It’s important to note that Efron’s bootstrap samples often include some censored observations, so we use the Kaplan–Meier (KM) estimator to find their corresponding quartiles. Suppose we are interested in the median; we should find a time t such that \(\hat{S}(t)=0.50\) in each bootstrap sample. Unfortunately, in some samples, we cannot find that time t because there is no time such that \(\hat{S}^{-1}(0.50)=t\). In this case, we have considered three options or solutions. The first option is to neglect all not applicable medians, so the \(100(1-2\alpha )\%\) bootstrap confidence interval for the median is based on fewer than 1000 bootstrap samples. This option is referred to as E\(_{(1)}\). The second option is to assume the median to be the maximum event time of that bootstrap sample. This is Efron’s suggestion, which is used for each bootstrap sample whose median is not found by the KM estimator [12]. This option is referred to as E\(_{(2)}\). Finally, we fit an Exponential distribution to the interval with a rate parameter of \(\hat{\lambda }^{*}=-\ln (\hat{S}(t_{max}))/t_{max}\), where \(t_{max}\) is the maximum event time of the bootstrap sample and \(\hat{S}(.)\) is the KM estimator. This allows us to find the corresponding median, \(X_{med}\), with \(X_{med}=-\ln (0.50)/\hat{\lambda }^{*}\). This suggestion is presented in Brown et al. [7], and we refer to it as E\(_{(3)}\). In the last two cases, we can ensure that the confidence interval is based on 1000 bootstrap samples’ medians.

In the tables, the NA represents the number of Efron’s bootstrap samples where quartiles cannot be found, while ABS represents the number of cases where a bootstrap sample containing only right-censored observations is replaced by another sample that includes at least one event time. These two numbers are out of 1,000,000.
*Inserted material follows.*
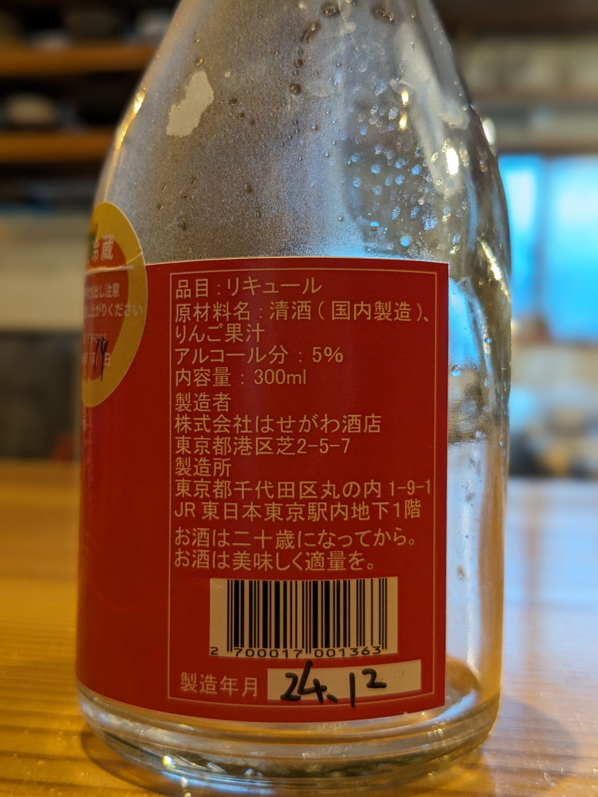 林檎どぶろく・ / 株式会社はせがわ酒店 日本酒 2025.01.17 日本酒名:林檎どぶろく 酒蔵 :株式会社はせがわ酒店/ 株式会社はせがわ酒店1-9-1JR東日本東京駅地下1階 特定名称: 酒米 : アルコール度数:5 清酒

We consider three different strategies for the smoothed bootstrap method when sampling observations from the \(n+1\) intervals partitioning the sample space. The first strategy is to sample uniformly from all intervals, denoted by SB. The second strategy is to assume an exponential tail for each interval and sample from the tails to create the bootstrap samples, denoted by SB\(_{\text {exp}}\). The third strategy is to sample uniformly from all intervals except the last intervals, for which we sample from the exponential tails. We refer to this strategy as SB\(_{\text {Lexp}}\). By investigating how the sampling strategies affect the results, we can gain insight into the impact of different sampling methods on the smoothed bootstrap method.

Table 3 Type I error rates with significance level \(2\alpha =0.10\), \(T\sim \text {Beta}(\alpha =1.2,\beta =3.2)\), \(C\sim \text {Unif}(a=0,b=1.82)\) and \(p=0.15\)
Table 4 Type I error rates with significance level \(2\alpha =0.05\), \(T\sim \text {Beta}(\alpha =1.2,\beta =3.2)\), \(C\sim \text {Unif}(a=0,b=1.82)\) and \(p=0.15\)
Table 5 Type I error rates with significance level \(2\alpha =0.10\), \(T\sim \text {Log-Normal}(\mu =0,\sigma =1)\), \(C\sim \text {Weibull}(\alpha =3,\beta =3.7)\) and \(p=0.15\)
Table 6 Type I error rates with significance level \(2\alpha =0.05\), \(T\sim \text {Log-Normal}(\mu =0,\sigma =1)\), \(C\sim \text {Weibull}(\alpha =3,\beta =3.7)\) and \(p=0.15\)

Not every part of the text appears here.